> [Your instructions]: Give back, exactly as written, the lines from the first line of the data below through the line with "Beech forest with", and omit the pictures.

> [Supplied data]:
┌────────

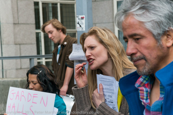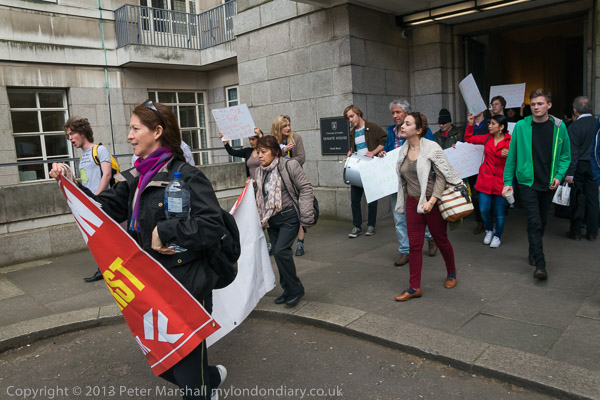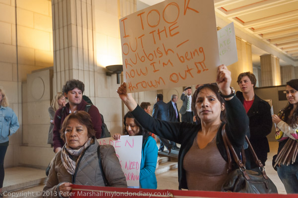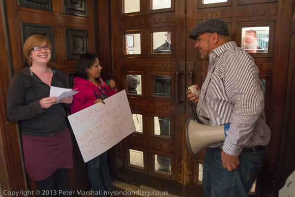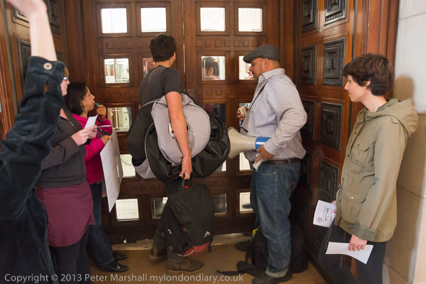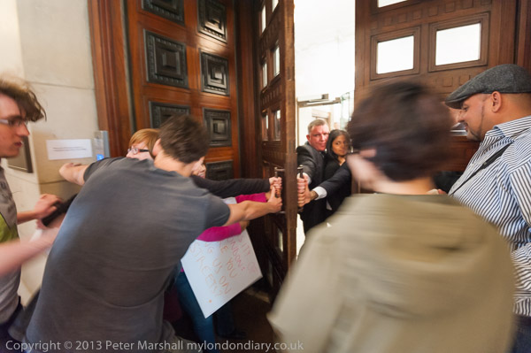 but the security staff manage to pull the door closed. The protest remains good-natured and the attempt to
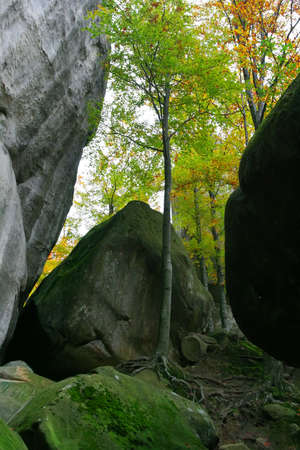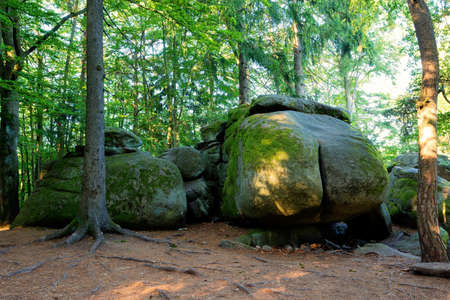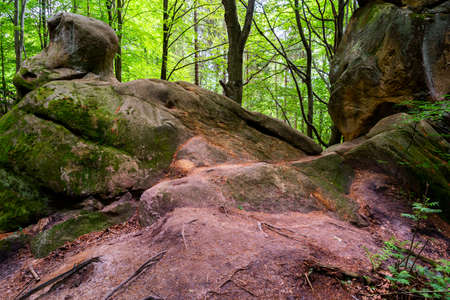 Beech forest with sandstone rock outcrops and big boulders in springtime. Landscape park Dovbush rocks, Carpathian mountains, Ukraine
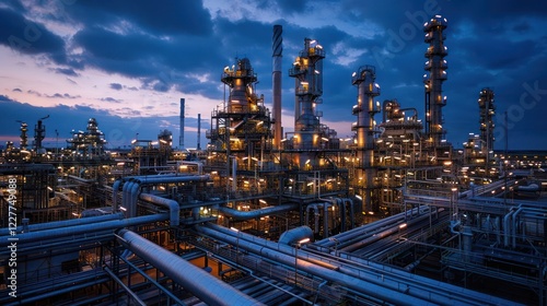 industrial, complex, night time, illuminated, structure, pipeline, sky, energy, manufacturing, technology, factory, machinery, production, environment, urban, architecture, engineering, power, infrastructure, oil, gas, process, equipment, landscape, industry, work, site, development, transport, metal, construction, facility, system, design, scene, lighting, atmosphere, city, economy, operation, innovation, sector, resource, modern, business, chemical, efficiency, safety, operation

└────────

> [Solved exercise]:
 but the security staff manage to pull the door closed. The protest remains good-natured and the attempt to
 Beech forest with sandstone rock outcrops and big boulders in springtime. Landscape park Dovbush rocks, Carpathian mountains, Ukraine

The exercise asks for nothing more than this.